Ele ficou olhando para ela e deu um sorrisinho malicioso, pensando no quanto ela parecia ingênua e divertida. O cabelo dela estava molhado, mais sem volume, levemente ondulado.

— Preciso ir trabalhar — disse ele.

— E você pode ficar à vontade, desde que não saia da casa grande. Deixe as portas fechadas e não vá para o quintal de jeito nenhum, não quero que a vejam, e lá fora há muitos funcionários.

Ela ficou levemente intrigada, mas concordou:

— Está bem. Obrigada outra vez.

Radael encerrou:

— Pode comer o que quiser. Mais tarde volto para almoçar.

Ele saiu, fechou a porta e montou na moto, foi seguindo para longe, dentro da fazenda. Darla espiou pela fresta da cortina enquanto ele se afastava. Na sala tinham várias fotos de família: os filhos dele ainda pequenos, parentes reunidos em festas. Ela observou tudo, curiosa para saber por que ele morava sozinho, sendo tão bonito, rico e, à primeira vista, um homem legal.

Sem ter muito o que fazer, voltou para o quarto exausta e acabou adormecendo, finalmente sentindo-se em segurança. Dormiu com a porta trancada por horas.

Quando deu o horário de almoço, Radael voltou, trazendo ovos do galinheiro e verduras para a salada. Sabia fazer de tudo na casa, embora raramente precisasse: a funcionária encarregada da cozinha estava doente, então ele se virava sozinho havia alguns dias. Entrou, chamou pelo corredor:

— Darla, tudo bem?

Sem ouvir nenhuma resposta, deduziu que ela dormia. Preparou o almoço, depois, bateu na porta do quarto de novo, e ouviu:

— Oi, já vou! — respondeu ela, sonolenta.

Darla levantou-se às pressas, ajeitou o vestido e o cabelo desgrenhado. Radael a ouviu destrancar a porta, ficou curioso sobre como ela se sentia, esperou. Ela abriu a porta, falou desconcertada:

— Desculpe, peguei no sono e não acordei. Nem sei que horas são… estou perdida. Desculpe mesmo, eu estava muito cansada.

Radael sorriu sutilmente e, virando-se em direção à cozinha, disse:

— Sem problemas.
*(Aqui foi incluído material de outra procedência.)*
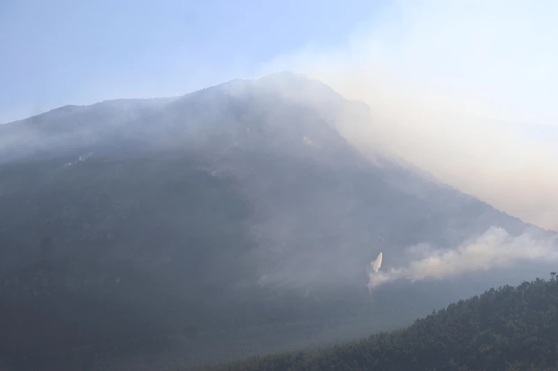 Günün ilk ışıklarıyla yangına havadan müdahale yeniden başlandı. Güncel olarak alevlere 9 helikopter, 46 arazöz, 13 su ikmal aracı, 21 ilk müdahale aracı, 5 iş makinesi ve 380 personel ile müdahale edilirken Orman Genel Müdürlüğü'nden yapılan açıklamada alevlerin büyük ölçüde kontrol altına alındığı bildirildi. (DHA)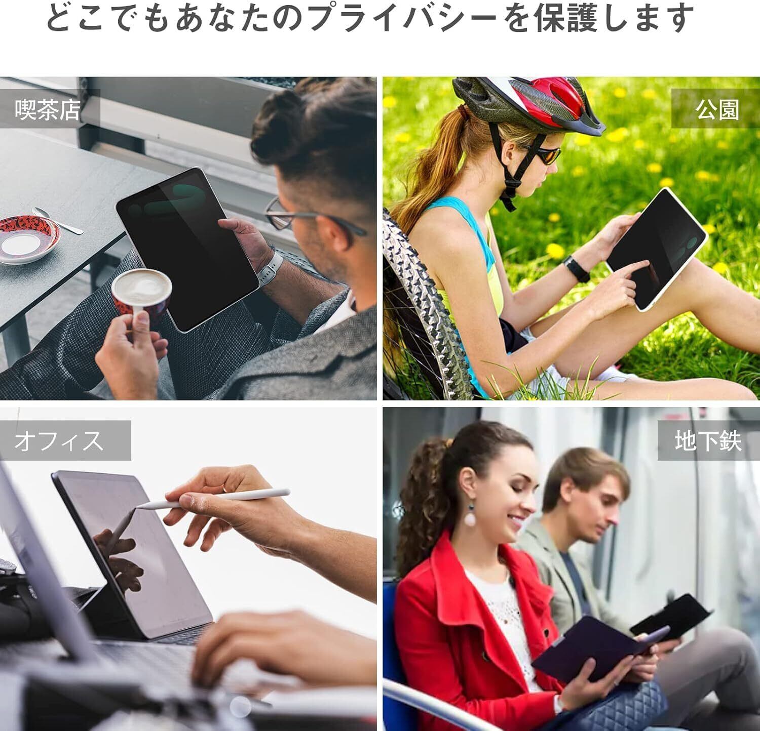四方からの覗き見防止。画面の真正面にいる人にしか見えないので、横からの覗き見を防止します。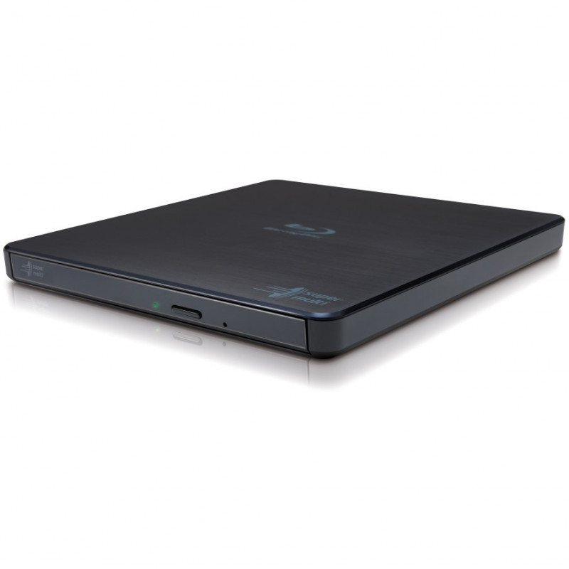 "Hitachi-LG Slim Portable Blu-ray Writer. Product colour: Black, Disc loading type: Tray. Purpose: Tablet, Optical drive type: Blu-Ray RW, Interface: USB 2.0. CD write speed: 24x, DVD+R write speed: 8x, BD-R write speed: 6x. CD read speed: 24x. Windows operating systems supported: Windows 10, Other operating systems supported: Android"\n"DISCKLINK & TrueDVD Apps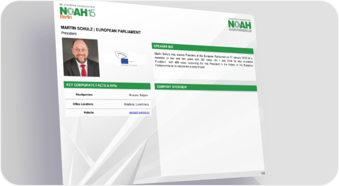 MARTIN SCHULZ | EUROPEAN PARLIAMENT President SPEAKER BIO Martin Schulz was elected President of the European Parliament on 17 January 2012 for a mandate of two and half years with 387 votes. On 1 July 2014 he was re-elected President with 409 votes, becoming the first President in the history of the European Parliament to be re-elected for a second term KEY CORPORATE FACTS& KPIs COMPANY OVERVIEW Headquarters Brussels, Belgium Office Locations Strasburg, Luxembourg Website europarl.europa.eu 100

Imagino que não descansou nas últimas duas noites. Vamos almoçar? Não fiz grande coisa, não sou lá essas coisas na cozinha, mas minha funcionária está doente, então você vai ter que comer minha comida. Não é tão ruim. Está com fome?

Ela assentiu e o seguiu, mancando. Na cozinha, viu a mesa posta: macarronada com frango desfiado, ovos fritos, salada de rúcula e tomate, além de uma jarra de suco de limão.

— Estou surpresa — disse Darla. 

— Lá em casa, meu irmão não sabe nem fritar um ovo, e é admirável ver um homem como o senhor, com boas condições, sabendo fazer tudo isso.

Eles se sentaram. Radael riu:

— Um homem como eu, menina? Por que acha que me conhece só porque me viu algumas horas? Você não sabe nada sobre mim. É feio julgar um livro pela capa, sabia? Eu poderia fazer isso com você, e você não ia gostar.

O tom de desdém a deixou inferiorizada. Ela começou a comer em silêncio, usando a colher que ele havia posto apenas para servir. Ele percebeu o quanto ela era simples, embora educada. Olhou-a comendo e perguntou:

— O que aconteceu com seus pais? Por que seu irmão cuida de você? Quantos anos você tem, afinal?